I posted this under the schooling forum to encourage students there who might struggle with a primary skill but it has a fiber association also. My son has a reading disability and works so very hard to overcome it. I have posted his fiber pursuit, he started with crocheting a rose and stem. Karrick is 17, and taking a small engine and repair class at Warren Technical college. They had a state competition yesterday where 4 colleges brought their best students to compete. This was a skill based test along with 115 questions and personal interview... My son was doing this for fun, I thought he might place and was hopeful. This would give his self esteem a nudge. He is friendly, well mannered and a great young man..he just doesn't think he is very smart..but he is! There was one table skill he struggled to get through the reading...then answered what he had time for. He shrugged and said, I could have answered every question, I ran out of time because it took me too long to read the material. Being good natured, he didn't complain, and we left after it was over, the winner was not going to be announced until today...we got the call. KARRICK WON 1ST PLACE for the State level competition and now he goes on to the Nationals in Kentucky....This is his teachers first student to win first in this competition since he has been teaching his class!

Those talented mechanical hands labored over the crocheting of a rose and stem but he did it with a stern concentration...unlike me who smiles as I work..but for him it was a new skill. It took him hours.....he never gives up on anything and the rose was treasured by his girlfriend. That focus is the stuff that drives us all, starting something new only to find it challenging, our stubborn nature tells us we can do it ...my son inspires me! In his nature he also possesses that ingrained voice....you can't stop until you are done. Many of us seem to have that with our crafting...I am relentless with a project. I just had to share my Happy news!!!! :icecream: I took him out for icecream and I made him a special dinner. :banana::banana::banana:


----------



## Forerunner (Mar 23, 2007)

Every kid should have such a cool mom. 

It is a general rule that cool moms raise cool kids, you know.

Congrats on the fruit not falling far from the tree. :thumb:


----------



## gone-a-milkin (Mar 4, 2007)

Congratulations Romy, you have every right to be proud. :bowtie:
I also agree that cool moms generally raise cool kids.


----------



## Forerunner (Mar 23, 2007)

Funny how another cool mom shows up, all out of the blue like that.

:grin:


----------



## Maura (Jun 6, 2004)

Great!

As for his reading, try this: a gel over what he is reading. Sometimes you can find binder dividers that are plastic/vinyl and come in see through colors. Blues and violets are popular, but he may find yellow or green works well. If he puts it over the page it will cut the glare.

He can also use an index card and make a cut out the height of one word and length of about five words. Moving this along the text can help him to focus on what words and phrases he is reading by blocking out everything else.

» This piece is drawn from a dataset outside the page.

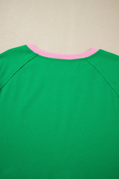 Two Tone Contrast Textured Crewneck Tee and Shorts Set
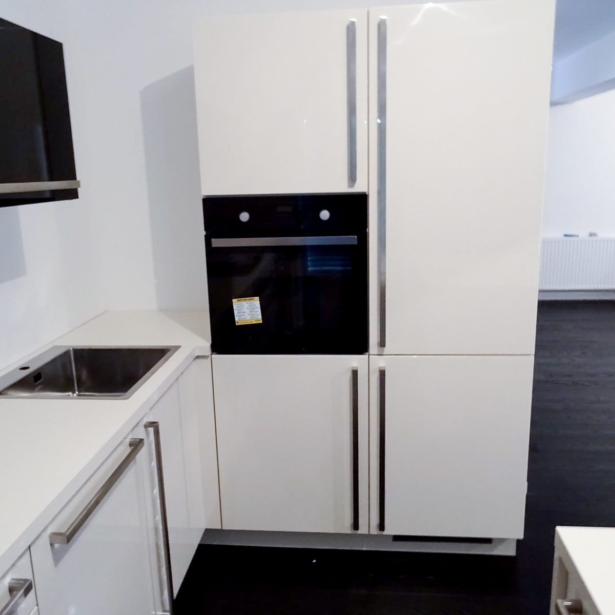 Oblikovna rdeča nit te elegantne monokromatske kuhinje dosledno predstavljata dva elementa – ročaji in nerjavečega jekla in površine visokega sijaja. Inox ročaji nadgradijo izgled volumensko izredno minimalistične strukture kuhinje.

Also, I find a lot of schools do not teach students to divide words into syllables. They want them to guess and memorize the shape. This is how we typically read, but it doesn&#8217;t help much when you run across a new word. If he doesn&#8217;t know how to divide words, teach him. He should write the word out and divide the syllables with a line, then write the word out a few times.


----------



## romysbaskets (Aug 29, 2009)

[QUdoesn't seem ura;7435225]Great!

As for his reading, try this: a gel over what he is reading. Sometimes you can find binder dividers that are plastic/vinyl and come in see through colors. Blues and violets are popular, but he may find yellow or green works well. If he puts it over the page it will cut the glare.

This is a great suggestion, we will try it!

He can also use an index card and make a cut out the height of one word and length of about five words. Moving this along the text can help him to focus on what words and phrases he is reading by blocking out everything else.

He doesnt have his eyes wander, and focuses very well.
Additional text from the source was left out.